__What is expected__:
Please set down exactly the lines from the one that contains "Praktický čierny odpadkový" through the end of the material, leaving out every picture.

__Dataset content__:
____________________

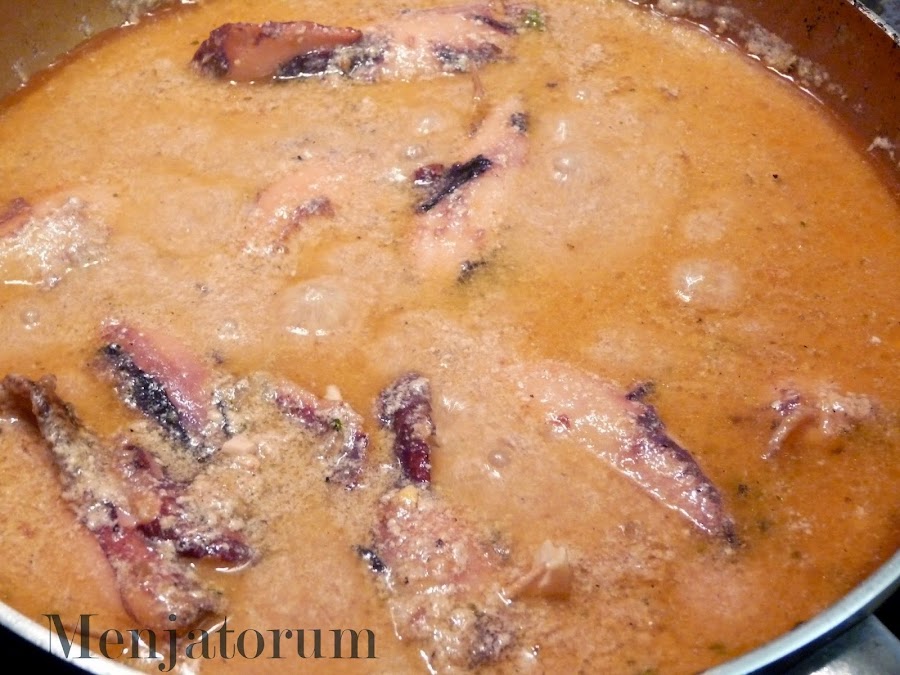 Incorporar la leche a los calamares, cocer a fuego lento durante media hora, cuando empiecen a hervir añadir la picada del mortero.Remover que no se pegue, al ir cociendo los calamares soltarán jugo del relleno que se mezcla con la leche, queda un salsa espesa y riquísima... ya podéis acompañarla de pan, que el plato quedará limpio, seguro!
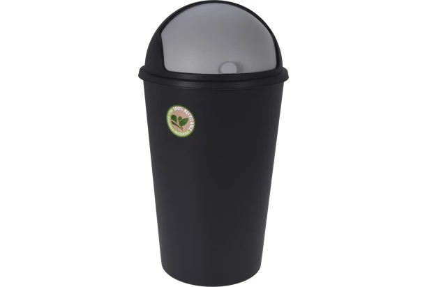 Praktický čierny odpadkový kôš s posuvným vekom je vyrobený z 90% z recyklovaného materiálu a je plne recyklovateľný, čo z neho robí veľmi ekologickú voľbu, ktorá pomáha šetriť prírodné zdroje. S objemom 25 litrov je tento odpadkový kôš vhodný najmä do malých až stredne veľkých miestností.
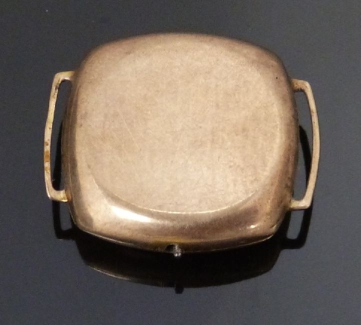 Unnamed 9ct gold wristwatch with blued hands, silver Arabic numerals, silver dial and 15 jewel movement, case diameter 22mm, serial number 4805, 8.9g

____________________

__Answer to this task__:
 Praktický čierny odpadkový kôš s posuvným vekom je vyrobený z 90% z recyklovaného materiálu a je plne recyklovateľný, čo z neho robí veľmi ekologickú voľbu, ktorá pomáha šetriť prírodné zdroje. S objemom 25 litrov je tento odpadkový kôš vhodný najmä do malých až stredne veľkých miestností.
 Unnamed 9ct gold wristwatch with blued hands, silver Arabic numerals, silver dial and 15 jewel movement, case diameter 22mm, serial number 4805, 8.9g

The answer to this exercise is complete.